Roberston est également un auteur prolifique et il parlera de son dernier livre, publié ce mois-ci.
« En regardant le titre, vous pensez probablement que c'est une hypothèse qui va trop loin », ironise-t-il. « Parce que bien sûr, il a le contrôle, et il a pas mal d'armes nucléaires derrière lui. Mais le premier point que je reconnais est qu'il est peu probable qu'il soit traduit en justice, mais il le sera, et il pourrait finir comme (l'ancien président serbe Slobodan) Milosevic, qui semblait imprenable.»
plaide en faveur du jugement de Poutine pour crimes de guerre. « J’ai pu tirer quelques leçons de la mort d’Alexeï Navalny, et je pense que si sa position peut être affaiblie alors… il existe différentes manières d’envisager un renversement », dit-il. « Avec Milosevic, il a été renversé pour mettre fin aux sanctions et ils l'ont livré à La Haye. Il n’est donc pas hors de doute qu’il finira par se retrouver sur le banc des accusés.»
Et le crime dont il devrait être accusé, affirme Robertson, est le crime d'agression, qui semble assez inoffensif mais qui, dit-il, est « le pire de tous les crimes ».
« En droit, l’agresseur, la personne qui déclenche une guerre, est responsable de toutes les calamités de cette guerre ; pour les bombardements, les meurtres et les démembrements, les meurtres d'enfants et les dommages environnementaux, etc. », dit-il.
Il y a cependant une certaine ironie dans le fait que la défense de Poutine soit celle créée par l'ancien président américain George W. Bush, et qu'il a utilisée pour justifier son invasion de l'Irak. « C'est quelque chose que l'avocat de George Bush a inventé, appelé « légitime défense préventive » », dit Robertson.
Dans son émission en direct, Robertson discutera des arguments qu'il avance pour juger Poutine par contumace, et de sa théorie selon laquelle si Poutine était jugé équitablement même en son absence, un verdict de culpabilité pourrait faire réfléchir d'autres pays cherchant à défier la démocratie.

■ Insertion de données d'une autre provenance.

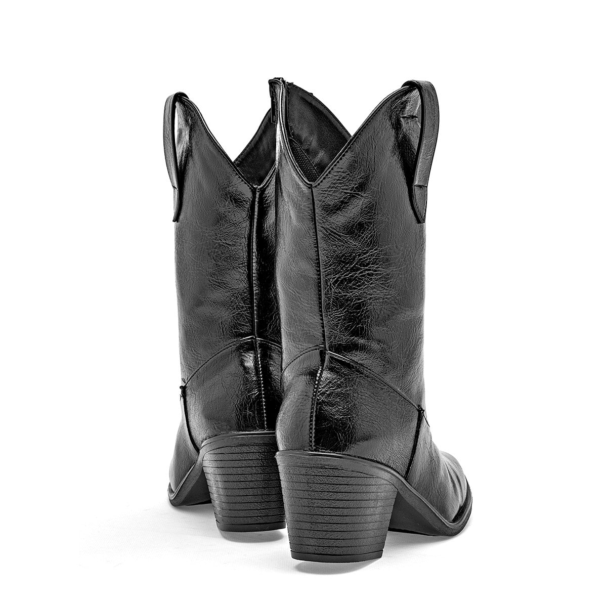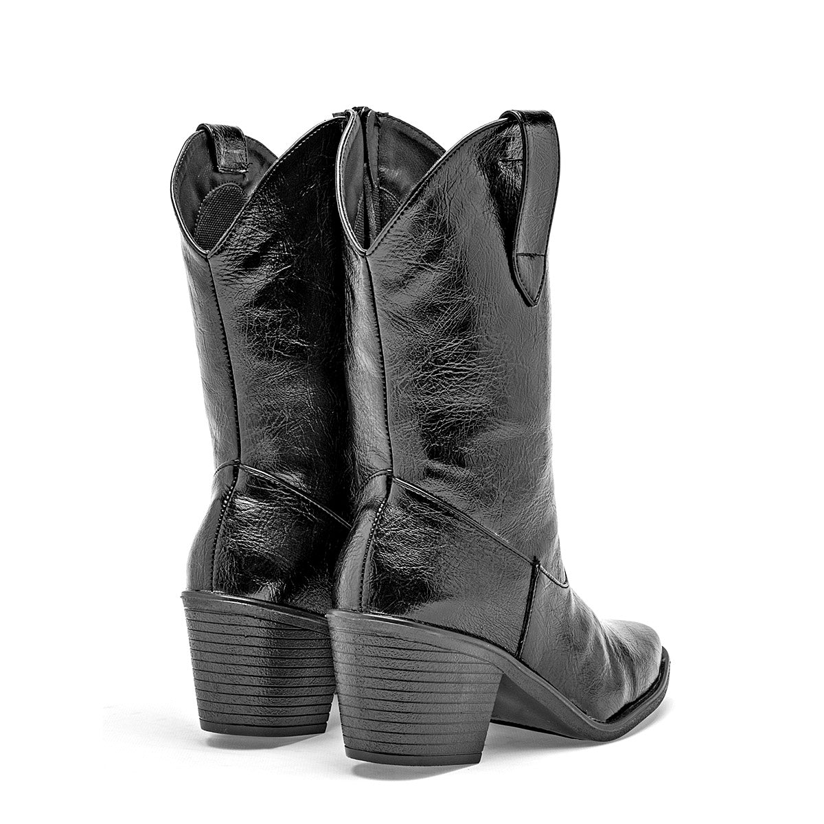 Presenta la silueta característica de las botas vaqueras, con una caña que sube hasta la mitad de la pantorrilla y una abertura en forma de "V" en la parte superior frontal. Cuenta con una punta afilada, que estiliza el pie y añade un toque de elegancia al diseño vaquero. Incorpora un tacón cubano robusto y biselado, de altura media, que proporciona comodidad y estabilidad.

Toujours bourreau de travail, Robertson a un autre livre à paraître cette année, qui couvre l'histoire et l'avenir des droits de l'homme. Je ne sais pas comment il trouve le temps – ou l'énergie. Même à 77 ans, il dit qu’il n’envisage pas de prendre sa retraite.
Dans ce qui semble être un temps d'arrêt rare, Robertson apprécie l'opéra. Mais est-ce qu'il lui arrive parfois de se détendre avec un thriller trash ou une fiction lowbrow ?
«Eh bien… J'avais l'habitude de lire les livres de mon ex-femme, que certains pensaient entrer dans cette catégorie», dit-il en riant. « Mais mon divorce signifie que je n'en lis pas autant que je l'ai fait – mais j'ai néanmoins tendance à les soutenir. »
(NewSouth) est maintenant disponible.
BECE Great Hall Brisbane, 9 mai ; Costa Hall Geelong, 10 mai ; Théâtre d'État de Sydney, le 16 mai ; Théâtre de Canberra, Canberra, 22 mai ; Plénière du MCEC, Melbourne, 25 mai ; Théâtre civique, Newcastle, 28 mai ; AEC Theatre, Adélaïde, 29 mai et PCEC Riverside Theatre, Perth, 31 mai.